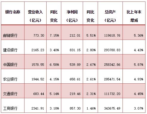 2021年1-3月,郵儲銀行實現營業收入773.30億元,同比增長7.15%;實現歸屬于銀行股東的凈利潤212.01億元,同比增長5.51%。截至2021年3月31日,郵儲銀行的資產總額為119618.76億元,比上年末增長5.36%。
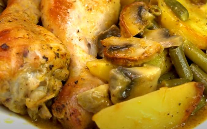 Как приготовить Картофель с курицей и шампиньонами в сметане в духовке рецепт пошагово
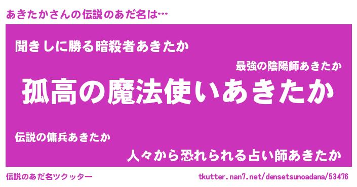 | 女子向けラノベタイトル風あだ名 | 『あきたかは平凡を望む』『闇のあきたか』 |
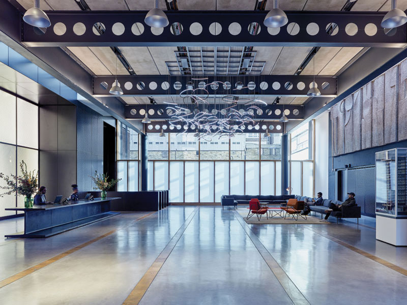 The building is now 82 per cent let, and proving popular with its current occupiers such as luxury fashion retail platform Farfetch. They have used the space in what AHMM describes as an ‘ideal manner’, with ‘very successful’ interior design by Studio Fibre. Keen to remain in The Bower as their business expands, Farfetch wished to take more of the warehouse building, but as the other floors were already occupied, this provided an opportunity for AHMM and Helical to convince Farfetch to take space in the front building by showing the design thinking and potential common to both buildings. Convinced, Farfetch have decided to take three of the interlocking floors, uniting them further by planning a two-storey staircase on one side of the office linking the three levels.
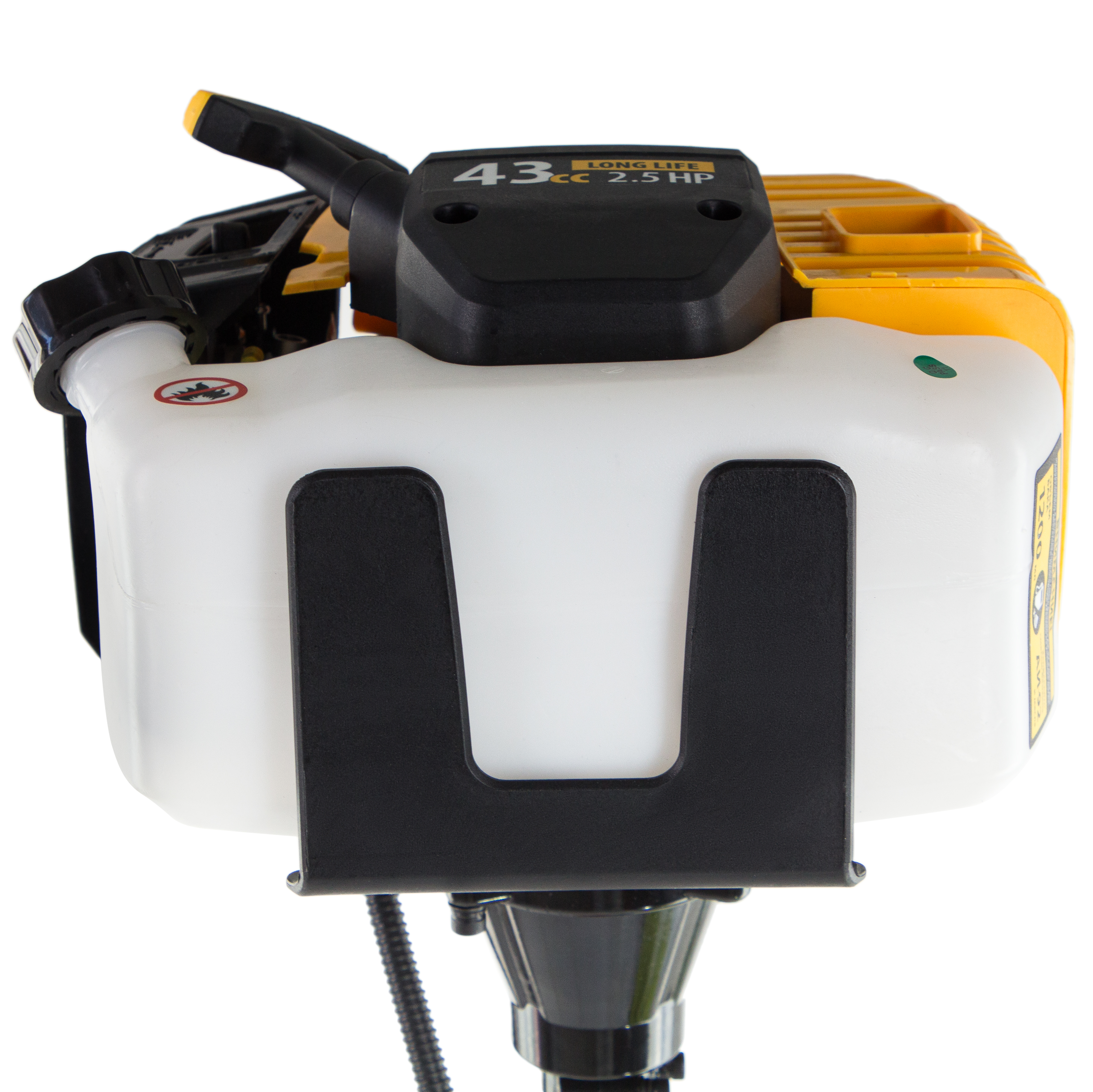- Удобный контроль уровня топлива — бак изготовлен из полупрозрачного пластика.
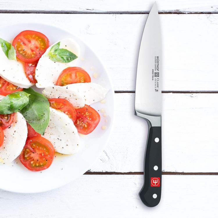 31+ Wusthof Tomato Knife Classic. The classic tomato knife has a serrated edge that enables the blade to slice through tomatoes without damaging the delicate fruit inside. Classic tomato knife slices even the ripest tomato as thinly as desired, and the forked tip makes short work of coring.
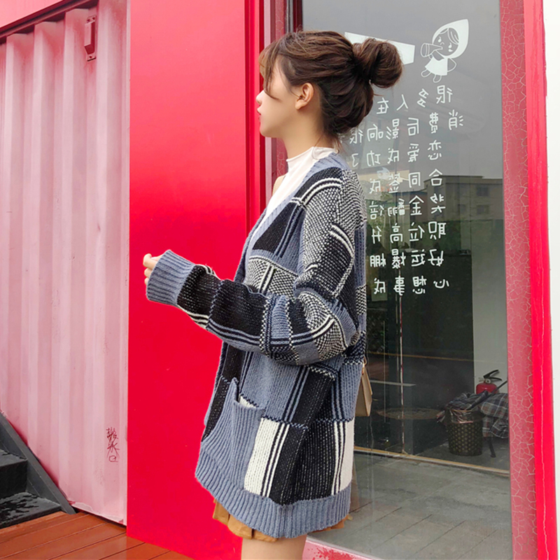 / 秋冬2018新款長袖寬松加厚格子毛衣開衫學生時尚女裝中長外套上衣
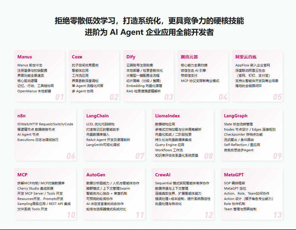 本课程系统覆盖AI Agent主流工具与框架,包含Manus、Dify、Coze、n8n、腾讯元器等低代码平台,以及LangChain、LangGraph、LlamaIndex、CrewAI、MetaGPT、AutoGen等开发框架。课程结合100+实操案例与4大综合实战项目,带你从简单到复杂,从入门到进阶,系统构建从单智能体到多智能体开发硬核实战技术与企业落地能力,助力你快速成为企业刚需的AI智能体实战人才。
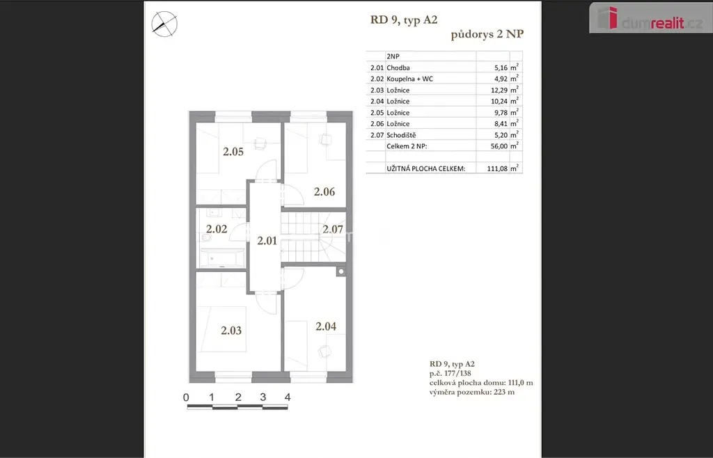 zastavěná plocha domu: 73 m²
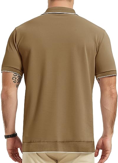 • Men's Knit Polo Shirt:The fabric of this knit polo shirt is soft and stretchy,breathable but not see-through,and the combination of cotton and polyester makes the polo shirt more skin-friendly and wrinkle-resistant.All of these make these polo shirts your go to choice in casual shirts.
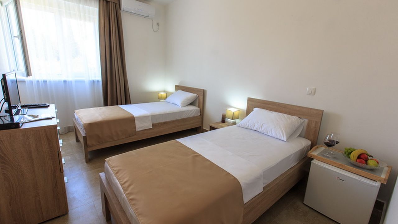 На втором и третьем этаже 12 номеров. Десять из них номера судии и два имеют по две спальни.
-.-.-
** Task directions **
Using the data above, which lines fall from the one with "本课程系统覆盖AI Agen" through the one with "zastavěná plocha domu: 73 m²"? Repeat them exactly, ends included, minus any pictures.

** Written solution **
 本课程系统覆盖AI Agent主流工具与框架,包含Manus、Dify、Coze、n8n、腾讯元器等低代码平台,以及LangChain、LangGraph、LlamaIndex、CrewAI、MetaGPT、AutoGen等开发框架。课程结合100+实操案例与4大综合实战项目,带你从简单到复杂,从入门到进阶,系统构建从单智能体到多智能体开发硬核实战技术与企业落地能力,助力你快速成为企业刚需的AI智能体实战人才。
 zastavěná plocha domu: 73 m²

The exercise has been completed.